SOURCE DATA →
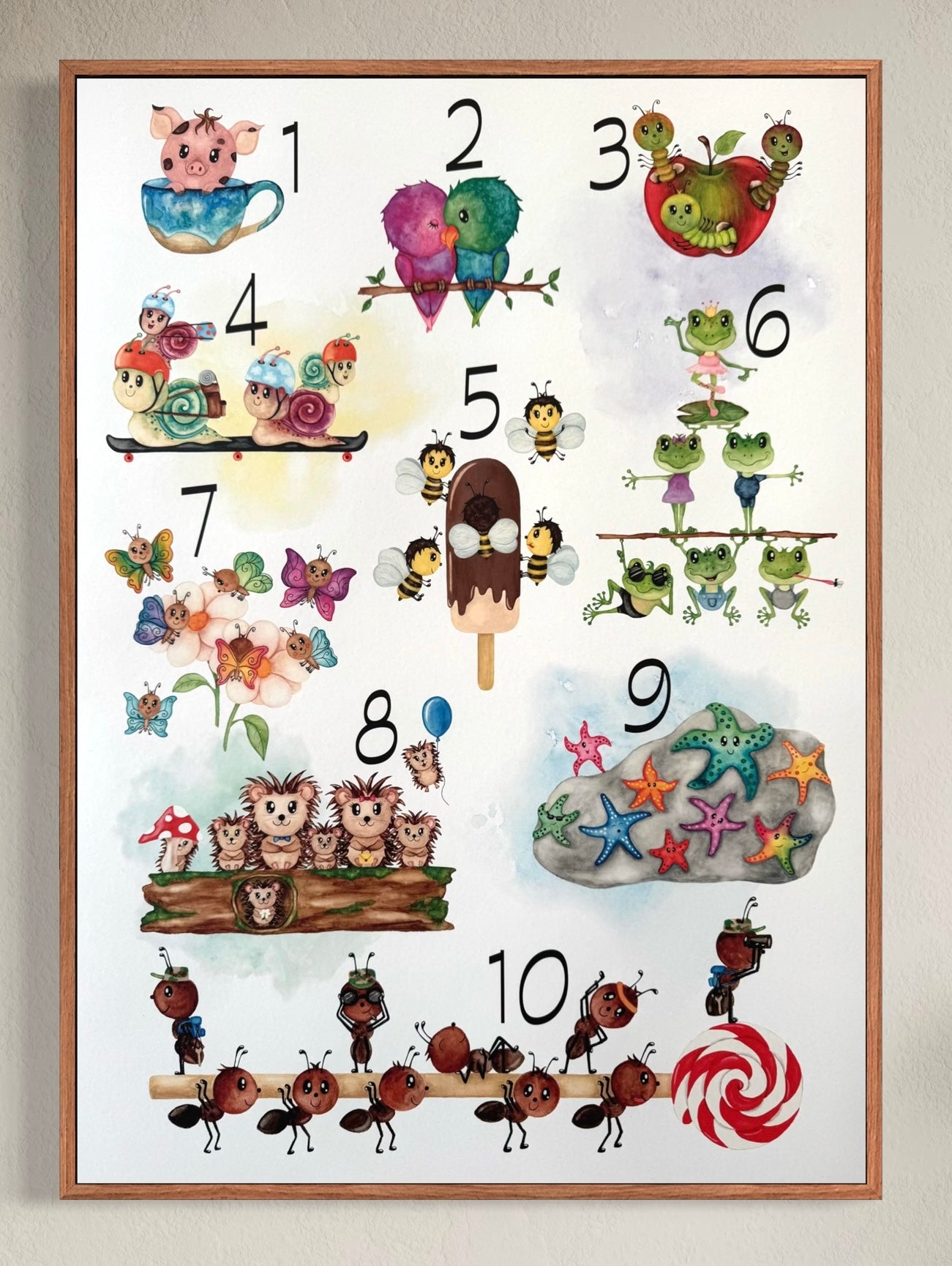 Tæl til ti imens du går på opdagelse sammen med alle dyrene på plakaten!
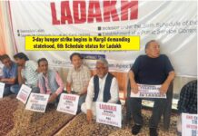 ಲಡಾಖ್ಗೆ ರಾಜ್ಯ ಸ್ಥಾನಮಾನ ಮತ್ತು ಆರನೇ ಶೆಡ್ಯೂಲ್ ವಿಸ್ತರಣೆ ಕೋರಿ ಕಾರ್ಗಿಲ್ನಲ್ಲಿ ಮೂರು ದಿನಗಳ ಉಪವಾಸ ಸತ್ಯಾಗ್ರಹ
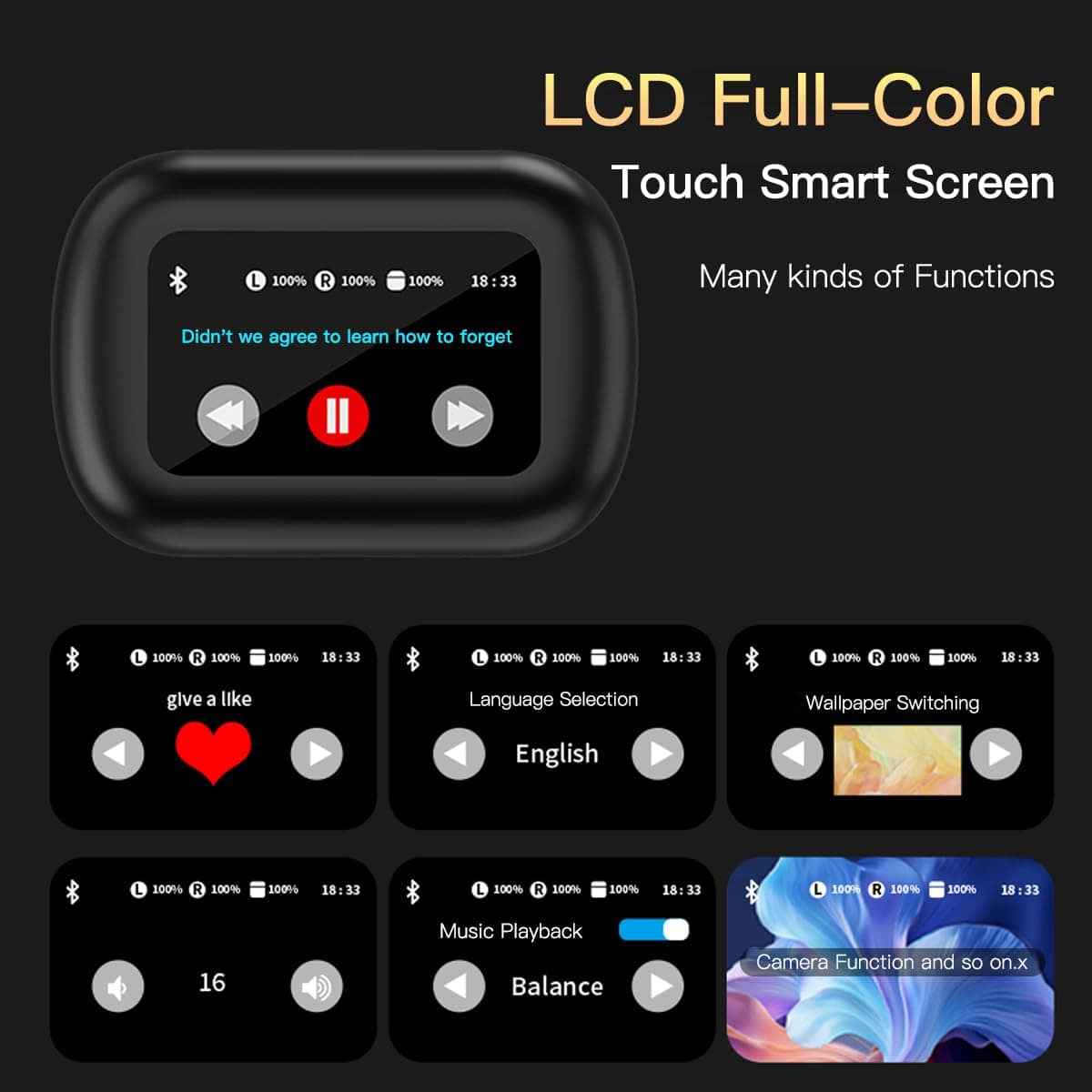 –Los auriculares están equipados con pantallas que muestran información esencial, como la selección de idioma, estado de conexión y progreso de la traducción.

WORK ITEM → Reproduce every line above as written, skipping pictures.

TASK RESULT →
 Tæl til ti imens du går på opdagelse sammen med alle dyrene på plakaten!
 ಲಡಾಖ್ಗೆ ರಾಜ್ಯ ಸ್ಥಾನಮಾನ ಮತ್ತು ಆರನೇ ಶೆಡ್ಯೂಲ್ ವಿಸ್ತರಣೆ ಕೋರಿ ಕಾರ್ಗಿಲ್ನಲ್ಲಿ ಮೂರು ದಿನಗಳ ಉಪವಾಸ ಸತ್ಯಾಗ್ರಹ
 –Los auriculares están equipados con pantallas que muestran información esencial, como la selección de idioma, estado de conexión y progreso de la traducción.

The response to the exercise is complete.